The null space of this matrix consists of the set:

${\displaystyle {\hbox{Null Space}}(A)=\left\{\mathbf {\begin{pmatrix}-2r\\r\end{pmatrix}} :r\in \mathbb {R} \right\}}$

It may not be immediately obvious how we found this set but it can be readily checked that any element of this set indeed gives the zero vector on being multiplied by A. Clearly,

${\displaystyle {\begin{pmatrix}-2\\1\end{pmatrix}}\in {\hbox{Null Space}}(A)}$ as

${\displaystyle {\begin{pmatrix}1&2\\2&4\end{pmatrix}}{\begin{pmatrix}-2\\1\end{pmatrix}}={\begin{pmatrix}0\\0\end{pmatrix}}}$.

Null Space as a vector space

It is easy to show that the null space is in fact a vector space. If we identify a n x 1 column matrix with an element of the n dimensional Euclidean space then the null space becomes its subspace with the usual operations. The null space may also be treated as a subspace of the vector space of all n x 1 column matrices with matrix addition and scalar multiplication of a matrix as the two operations.

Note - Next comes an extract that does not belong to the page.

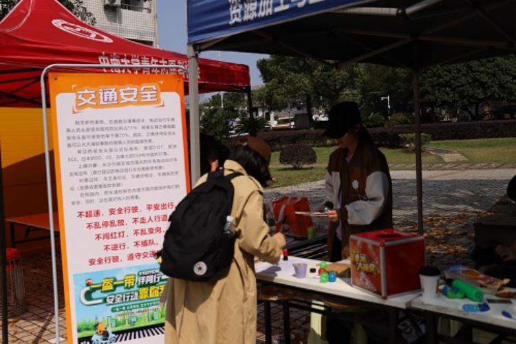 此外,为更加贴近同学生活、解答同学疑问,广场上还架起有关交通安全、求职权益和投资权益等方面的KT板,让同学们能够更直观、更详细地了解相关内容。工作人员各司其职,维护好现场秩序并且耐心解答各种问题,赢得了参与同学的一致好评。
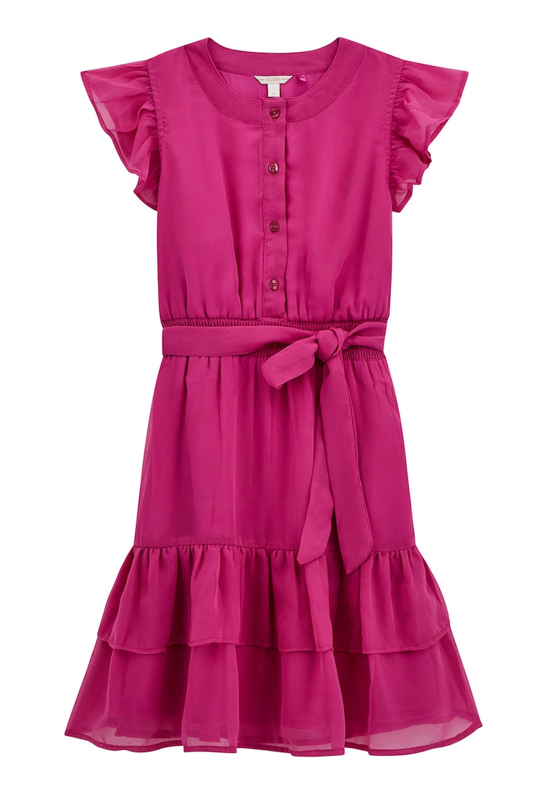 Caracteristici Culoare: roz inchis Stil: casual Material: sintetic Imprimeu: uni Croiala: evazat Lungime maneca: fara maneca Stil decolteu: la baza gatului Sistem inchidere: nasturi Detalii: cordon in talie Colectie: primavara

To show that the null space is indeed a vector space it is sufficient to show that

${\displaystyle x_{1},x_{2}\in {\hbox{Null Space}}(A)\Rightarrow x_{1}+x_{2}\in {\hbox{Null Space}}(A)}$

and

${\displaystyle x\in {\hbox{Null Space}}(A)\Rightarrow \alpha x\in {\hbox{Null Space}}(A)}$

These are true due to the distributive law of matrices. The details of the proof are left to the reader as an exercise.

Properties

Null spaces of row equivalent matrices

If A and B are two row equivalent matrices then they share the same null space. This fact, which is in fact a little theorem, can be proved as follows:

Suppose x is an element of the null space of A. Then Ax = 0. Also since A is row equivalent to B so ${\displaystyle B=E_{1}E_{2}\cdots E_{k}A}$ where each ${\displaystyle E_{i}}$ is an elementary matrix. (Recall that an elementary matrix is the matrix obtained from I from performing any elementary row operation.) Now,

${\displaystyle Bx=E_{1}E_{2}\cdots E_{k}Ax=0}$

and so x is in the null space of B as well. So the null space of A is contained in that of B. Similarly the null space of B is contained in that of A. It is now clear that A and B have the same null space.

Basis of Null Space

As the null space of a matrix is a vector space, it is natural to wonder what its basis will be. Of course, since the null space is a subspace of ${\displaystyle \mathbb {R} ^{n}}$, its basis can have at most n elements in it. The number of elements in the basis of the null space is important and is called the nullity of A. To find out the basis of the null space of A we follow the following steps:

1. First convert the given matrix into row echelon form say U.
2. Next circle the first non zero entries in each row.
3. Call the variable ${\displaystyle x_{1}}$ as a basic variable if the first column has a circled entry, and call it a free variable if the first column doesn't have a circled entry. Similarly call the variable ${\displaystyle x_{2}}$ basic if the second column has a non zero entry and free otherwise. In this way name n variables ${\displaystyle x_{1},x_{2}...,x_{n}}$.
4. If ${\displaystyle x_{i}}$ for any i, is a free variable, then let ${\displaystyle v_{1}}$ be the solution obtained by solving the system Ux = 0 where all the free variables are exactly 0, except for ${\displaystyle x_{i}}$ which is 1. If ${\displaystyle x_{i}}$ is not a free variable don't do anything.
5. Repeat the above step for all the free variables getting vectors ${\displaystyle v_{2},v_{3}}$ etc in the process.
6. The set ${\displaystyle \{v_{1},v_{2}...\}}$ is the required basis.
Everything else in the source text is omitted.